User:BDavis (WMF)/Projects/Structured logging
This page is currently a draft.
|
This is a collection of ideas about Structured logging in MediaWiki and related software projects. For the purposes of this discussion "logging" refers to wfErrorLog()
and it's related family of functions and not audit logs stored in the database by Special:Log or similar systems.
Problem
[edit]Logging in MediaWiki (and WMF in general?) is optimized for human consumption.
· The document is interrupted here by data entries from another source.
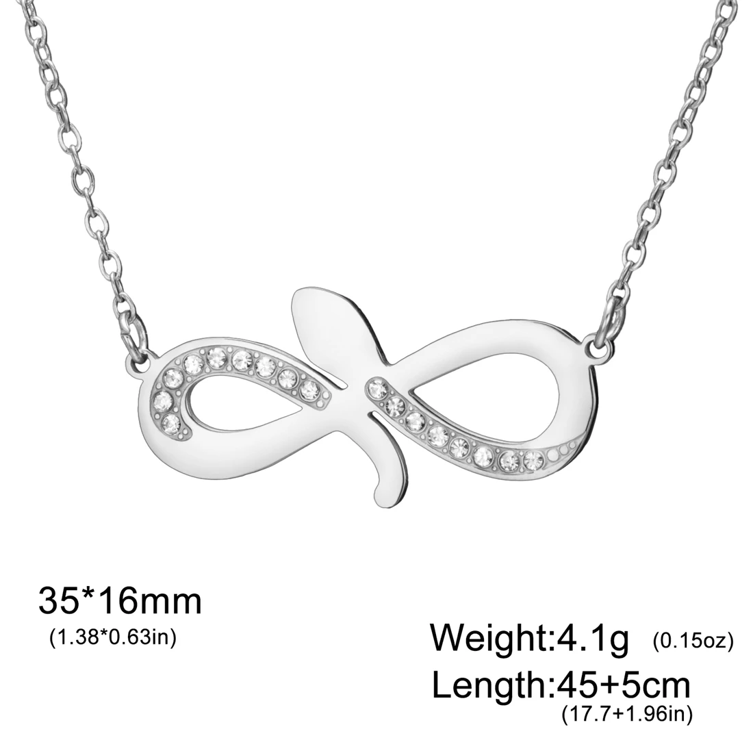 - Technical specifications include 60cm (23.6″) link chain, pendant size of 35mm x 16mm, crafted from stainless steel with rhinestone embellishments.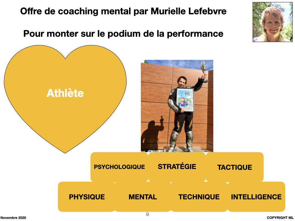 Ma méthode se nomme « Les 7 briques de la performance » pour les sportifs – ou « la tour personnelle mentale » pour les autres personnes – et propose au sportif de monter sur le podium grâce à ses 7 briques.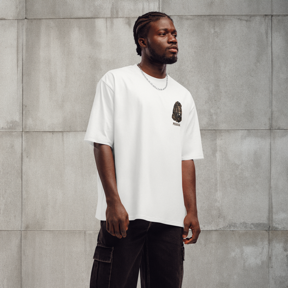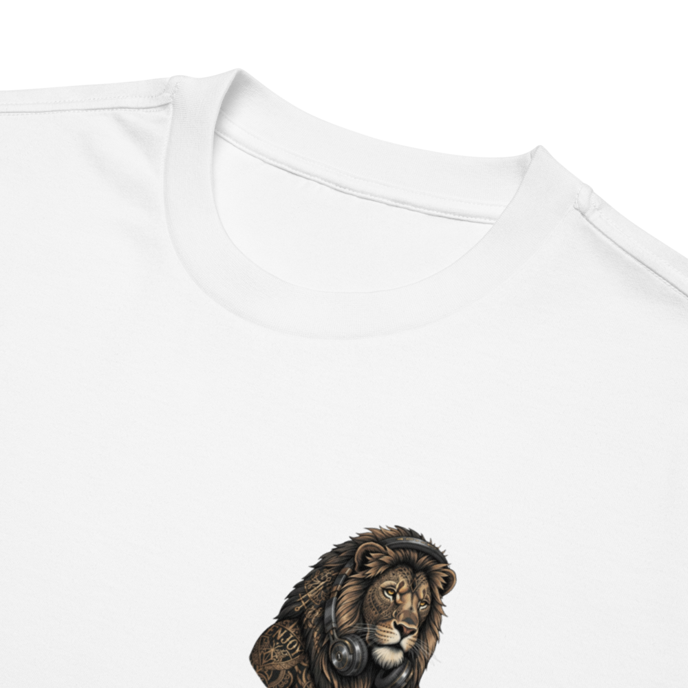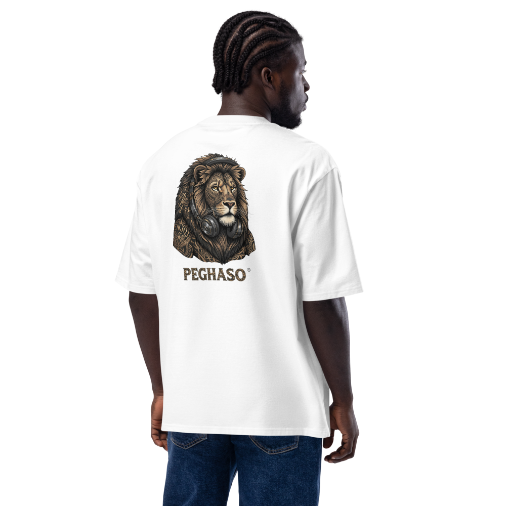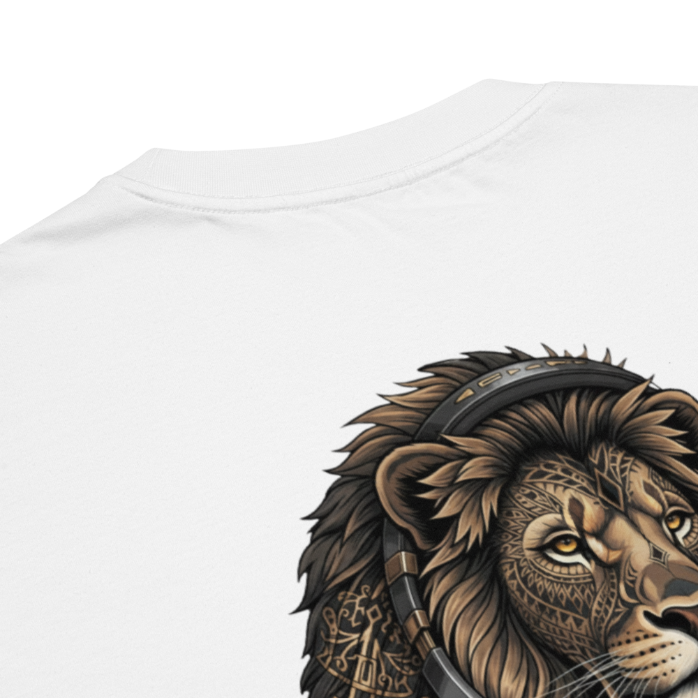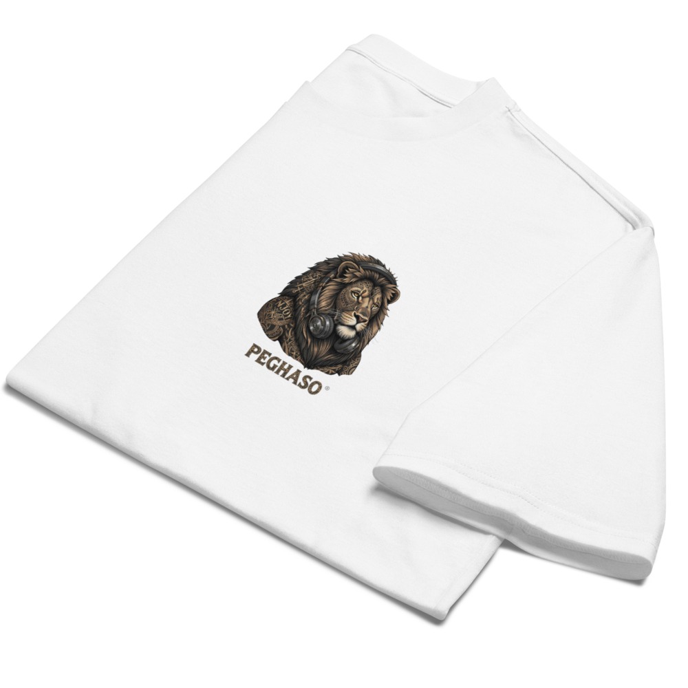 El diseño exclusivo presenta un majestuoso león con auriculares, simbolizando la fusión entre la fuerza, la elegancia y la música, el arte que conecta con el alma. El corte oversize asegura una silueta moderna y cómoda, ideal para quienes buscan destacar sin sacrificar la comodidad.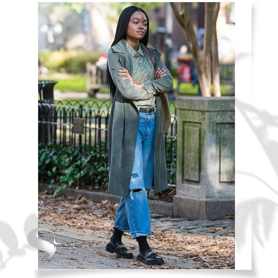 Примечание к стилю: Ханик Бест носит классический осенний образ, но нам очень нравятся ее лоферы, украшенные цепочками.
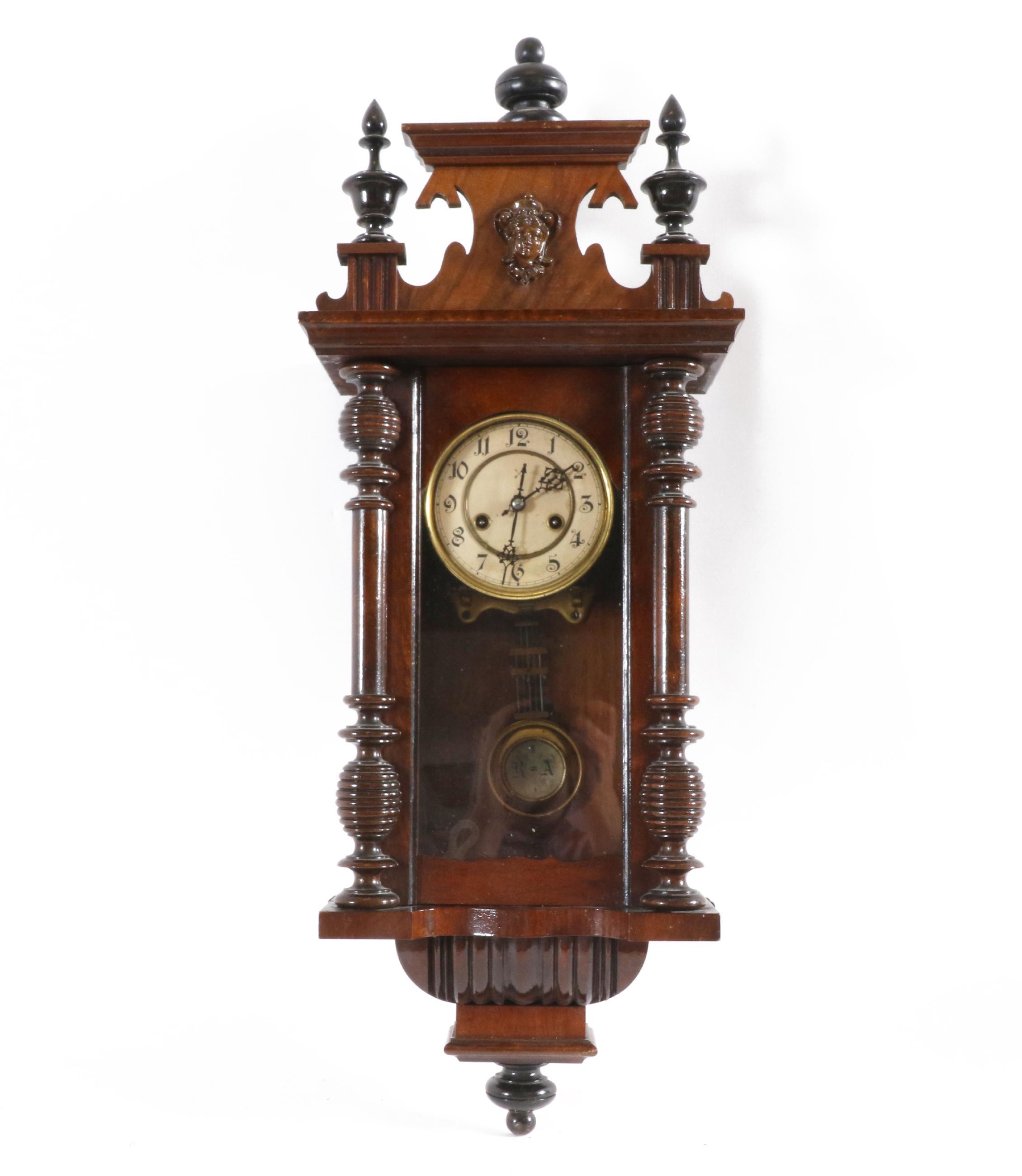 Настенные часы в деревянном корпусе, модерн. Максимальная длина 87 см, ширина 33,2, диаметр циферблата 13 см. Маятник и ключ в комплекте. На лако-красочном покрытии корпуса несколь мелких сколов, потертости. Утрачены два декоративных элемента на нижней панели.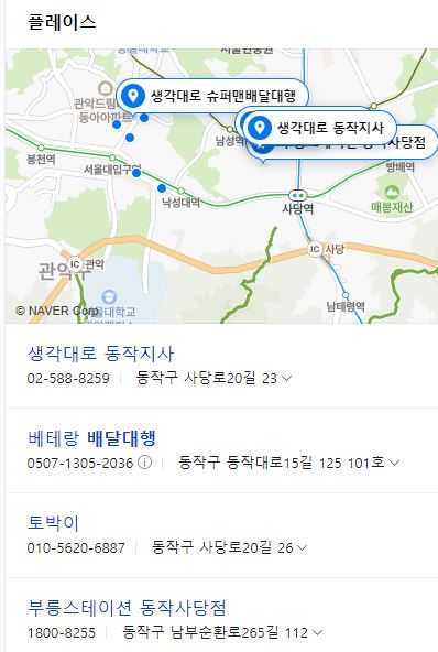 그러면 이 사진처럼 수많은 배달대행 업체가 뜹니다. 저는 사당동 배달대행이라는 키워드로 검색을 해 보았습니다.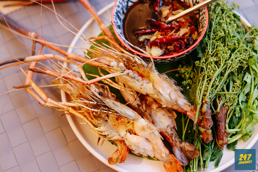 โรยด้วยหอมเจียวและพริกแห้ง เวลาทานก็ตักราดบนเนื้อกุ้งเผา แนมด้วยสะเดาที่มีรสขม
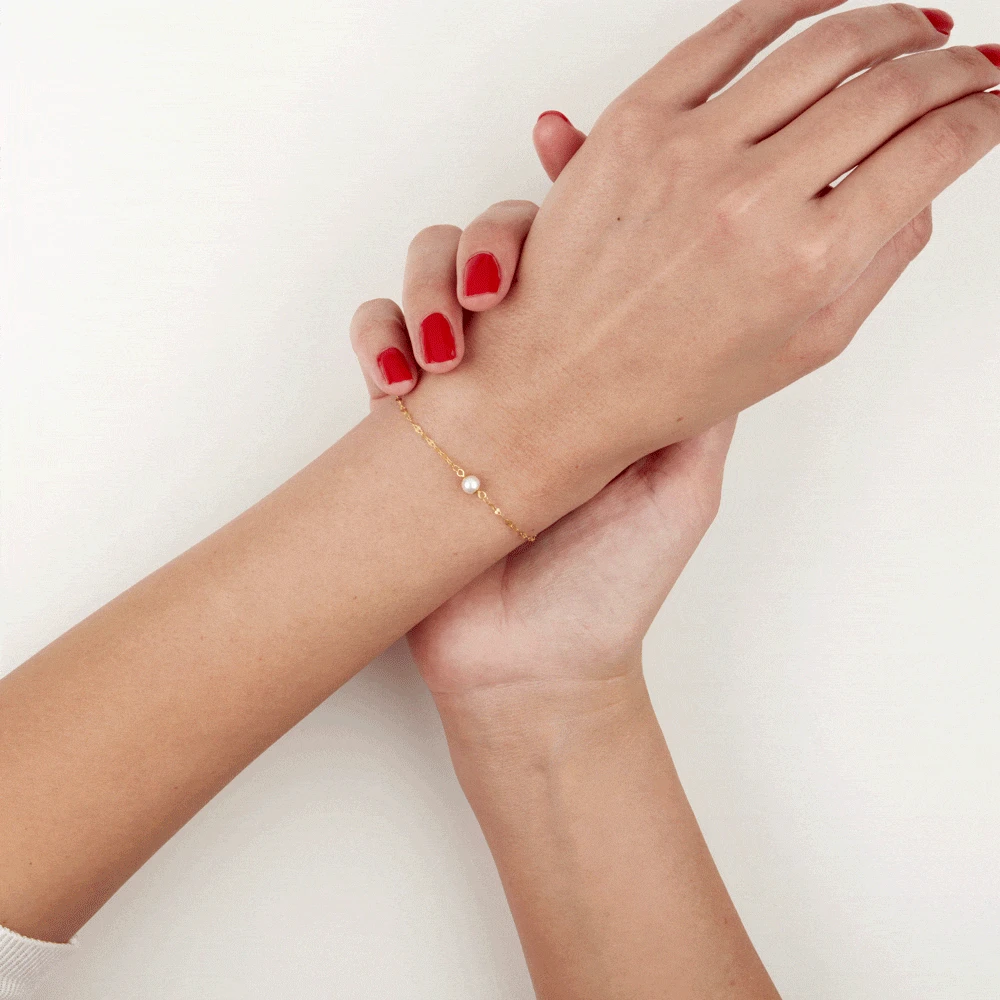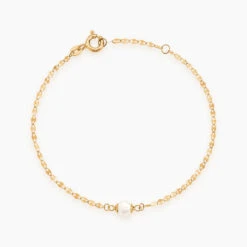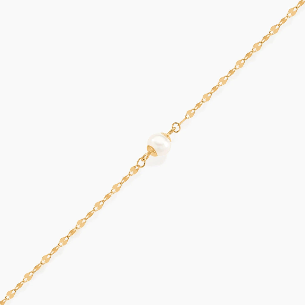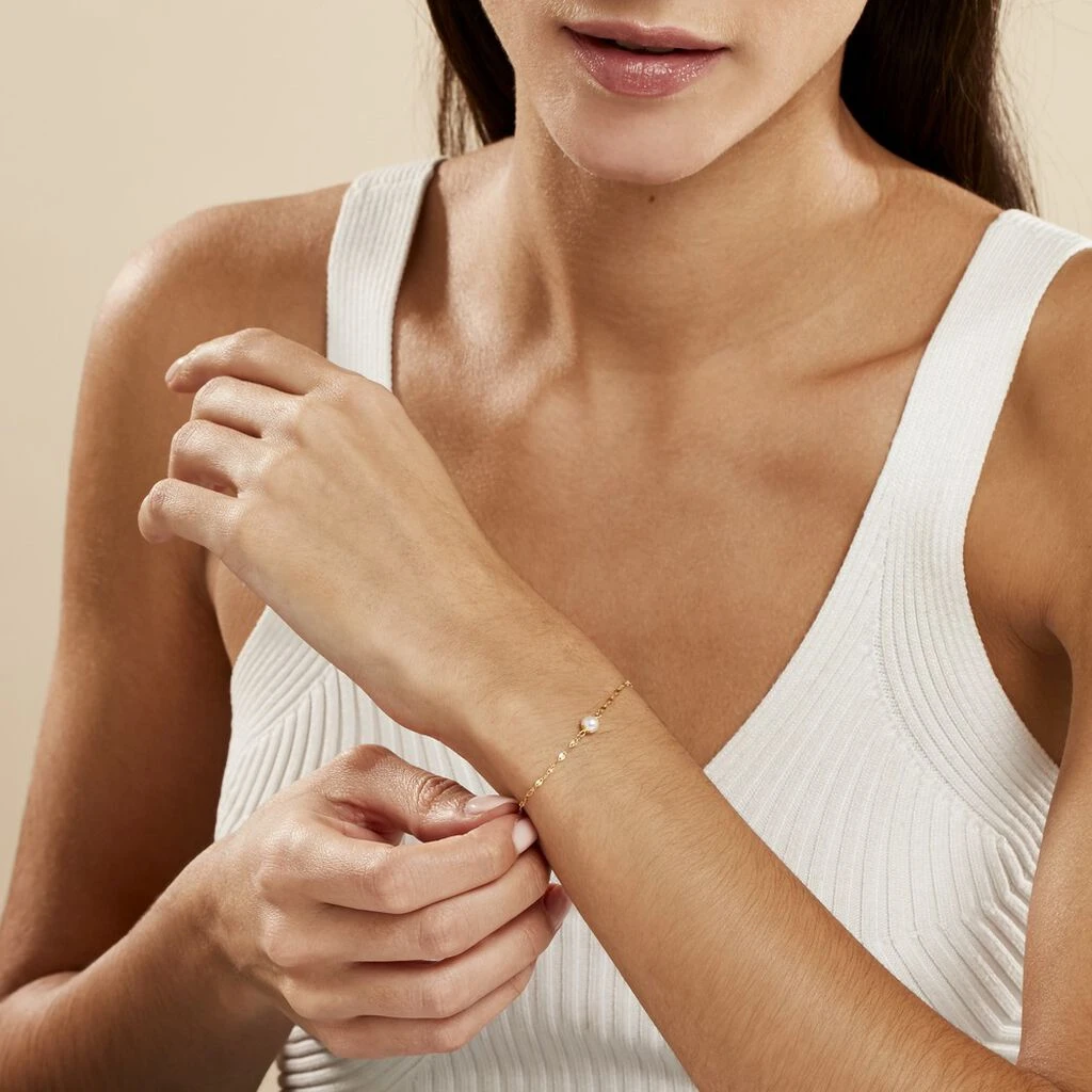 Bracelet Or Jaune 375/1000 Chaine Diamantée Perle De Culture 4.5/5mm 18cm

This works well for local development and testing and can scale to management of a small to mid size wiki depending on the number of eyes applied to the logs and the acumen of the operational support personnel with grep, cut, sed, awk and other text processing tools.
Unfortunately what works well for a single developer doesn't work as well for analyzing the log output of a large production site.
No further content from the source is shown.